Inspect data

Learning Objectives
1. Glimpse the structure of the dataframe
2. Summarize the structure of a dataframe

Overview

Once you have loaded your data set into R, you have to inspect and get a feel for the data. We are typically interested in the following:

  1. The dimensions of the data set; how many rows (cases) and how many columns does the data frame have.
  2. The types of variables we have; are they integer, character, logical, factor (categorical) etc.
  3. The number of missing, or NA, values in the dataframe.
  4. A quick look at some summary statistics

First, if we wanted to look at the dataset in a spreadsheet-style data viewer, we can just invoke View(gapminder) (View with a capital V).

While this is nice, it is not very useful, as we cannot dig deeper and see what kind of variables we have, whether there are any missing values, etc.

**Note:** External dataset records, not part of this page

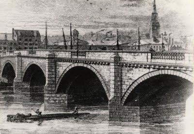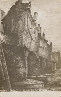 Here's the bigger picture and left click to see it bigger. There may have been more than one bridge at Newcastle in the middle ages but the first of which anything is known was probably built in the late 12th century replacing a bridge destroyed by fire in 1248. This was a stone arched bridge with huge piers built on the site of the Roman bridge and was a joint enterprise between Newcastle and the Bishop of Durham and the Bishop's arms appeared on a tower at the Gateshead (in County Durham) end of the bridge. Towers with gates and a drawbridge and portcullis reflected the bridge's military significance and a chapel was a feature not unusual for the times. A prison was also incorporated and several shops and houses, particularly at the Gateshead end, completed its picturesque appearance.
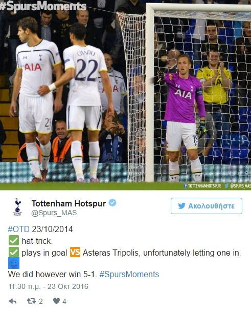 Στον επίσημο λογαριασμό της Τότεναμ στο twitter θυμήθηκαν το γεγονός και… τρόλαραν με τον τρόπο τους τον διεθνή επιθετικό.
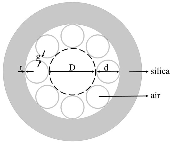 Here, a simple HC-ARF structure consisting of a hollow-core surrounded by eight identical silica tubes (Figure 1) is used to investigate the modal characteristics. The core diameter of D, the inner tube diameter of d, the tube thickness of t, and the tube gap of g are related by the expression D = (d + 2t + g)/sin(π/8) − (d + 2t) [42]. Modal characteristics are calculated using a full-vector finite element method (FEM) with the initial parameters of D of 41 μm, t of 0.394 μm, g of 3 μm, and d of 19.769 μm. The white region represents the air with the refractive index of 1. The gray region represents the background material of silica. The dispersion of silica can be calculated using the Sellmeier equation [43] as follows:
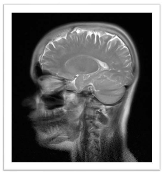Brain Magnetic Resonance Imaging: calcification in the anterior aspect of the falx cerebri, hyperostosis of the inner calvaria table in the frontotemporoparietal regions, and asymmetry of the petrous apices.
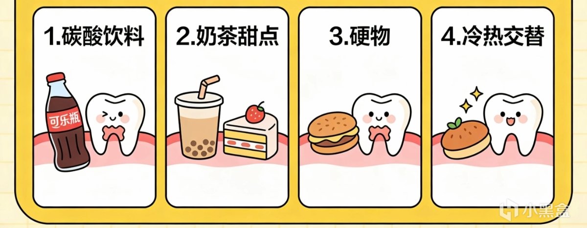 可乐、雪碧的pH值很低,会直接溶解牙釉质。长期饮用导致牙齿脱矿变色。喝的时候用吸管,让液体绕过牙齿。喝完不要立刻刷牙(酸会让牙釉质变软,立刻刷等于刷掉一层),先用清水漱口,等30分钟-1小时再刷。
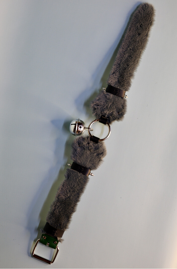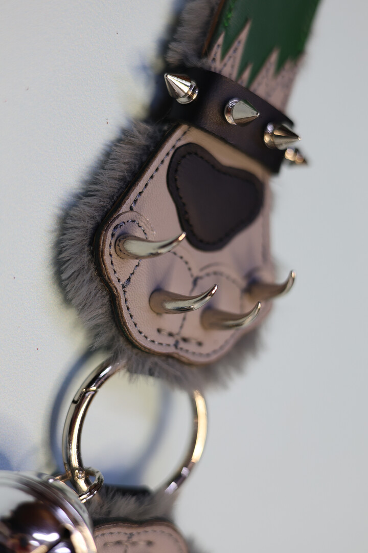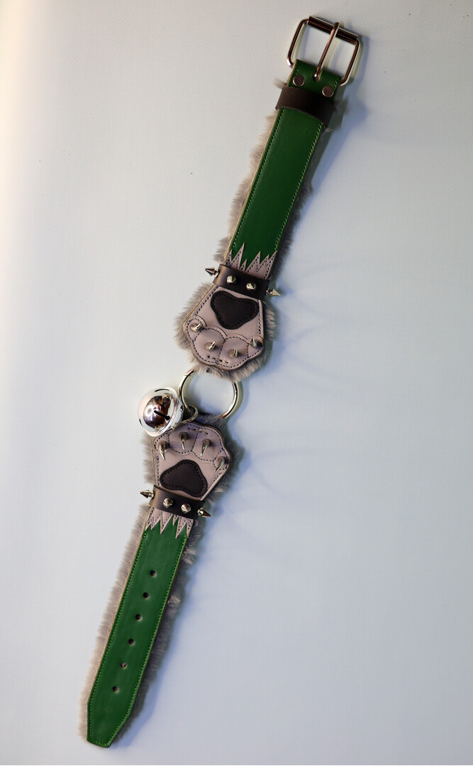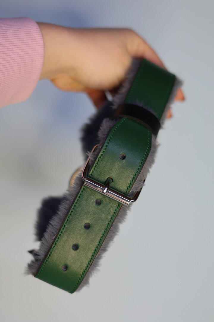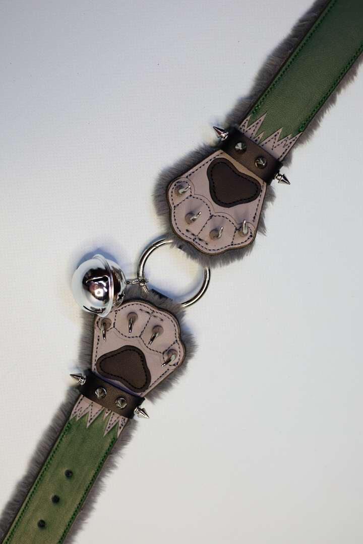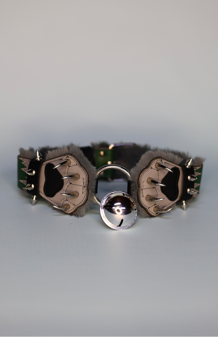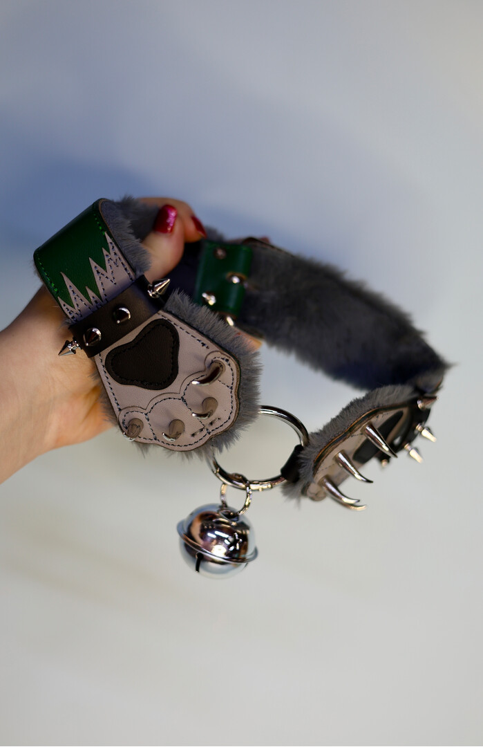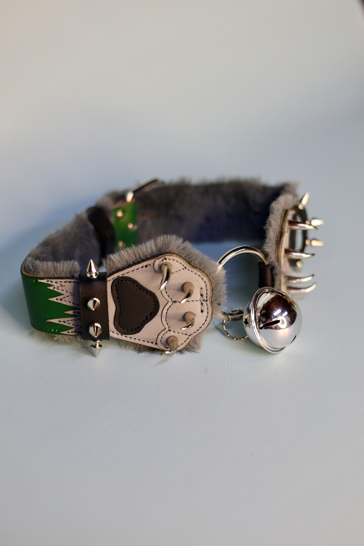 Made to order! Green-gray Collar in the shape of a paws with fur lining

There are two functions that we will talk about, dplyr::glimpse() and skimr::skim().

dplyr::glimpse()

glimpse() is like a transposed version of print(): It first gives you the dimensions (rows and columns) and then gives us the dataframe’s columns (or variables), the variable type (fct, int, dbl), and then gives us the first few values of each variable. Let us look at the outcome of

glimpse(gapminder)
## Rows: 1,704
## Columns: 6
## $ country   <fct> Afghanistan, Afghanistan, Afghanistan, Afghanistan, Afgha...
## $ continent <fct> Asia, Asia, Asia, Asia, Asia, Asia, Asia, Asia, Asia, Asi...
## $ year      <int> 1952, 1957, 1962, 1967, 1972, 1977, 1982, 1987, 1992, 199...
## $ lifeExp   <dbl> 28.801, 30.332, 31.997, 34.020, 36.088, 38.438, 39.854, 4...
## $ pop       <int> 8425333, 9240934, 10267083, 11537966, 13079460, 14880372,...
## $ gdpPercap <dbl> 779.4453, 820.8530, 853.1007, 836.1971, 739.9811, 786.113...

We see that we have 1704 rows, or cases. We also have 6 columns, or variables and right underneath we see each column individually:

  • country is a categorical, or factor variable of type <fct>. and the first few cases are all Afghanistan, just because it is the first one alphabetically
  • continent is also a factor variable, and the first values of this categorical variable are “Asia”, "Europe’, etc.
  • year is an integer variable of type <int>. This is the year for which we have data for each country, between 1952 and 2007 in 5-year intervals.
  • lifeExp is a double precision, or real number, of type <dbl> that refers to life expectancy
  • pop is an integer variable of type <int> that refers to the population
  • gdpPercap is a double precision, or real number, of type <dbl> that refers to GDP per capita

skimr::skim()

While glimpse() allows us to look at the contents of the dataframe, skimr::skim() is more useful and I always use it in my workflow.

skimr::skim(gapminder)
Table 1: Data summary
Name gapminder
Number of rows 1704
Number of columns 6
_______________________
Column type frequency:
factor 2
numeric 4
________________________
Group variables None

Variable type: factor

skim_variable n_missing complete_rate ordered n_unique top_counts
country 0 1 FALSE 142 Afg: 12, Alb: 12, Alg: 12, Ang: 12
continent 0 1 FALSE 5 Afr: 624, Asi: 396, Eur: 360, Ame: 300

Variable type: numeric

skim_variable n_missing complete_rate mean sd p0 p25 p50 p75 p100 hist
year 0 1 1979.50 17.27 1952.00 1965.75 1979.50 1993.25 2007.0 ▇▅▅▅▇
lifeExp 0 1 59.47 12.92 23.60 48.20 60.71 70.85 82.6 ▁▆▇▇▇
pop 0 1 29601212.32 106157896.74 60011.00 2793664.00 7023595.50 19585221.75 1318683096.0 ▇▁▁▁▁
gdpPercap 0 1 7215.33 9857.45 241.17 1202.06 3531.85 9325.46 113523.1 ▇▁▁▁▁

skimr::skim() give us a data summary with the dimensions (rows and columns) of the dataframe, and the type of columns; in this case, we have 2 factor and 2 numeric columns (variables).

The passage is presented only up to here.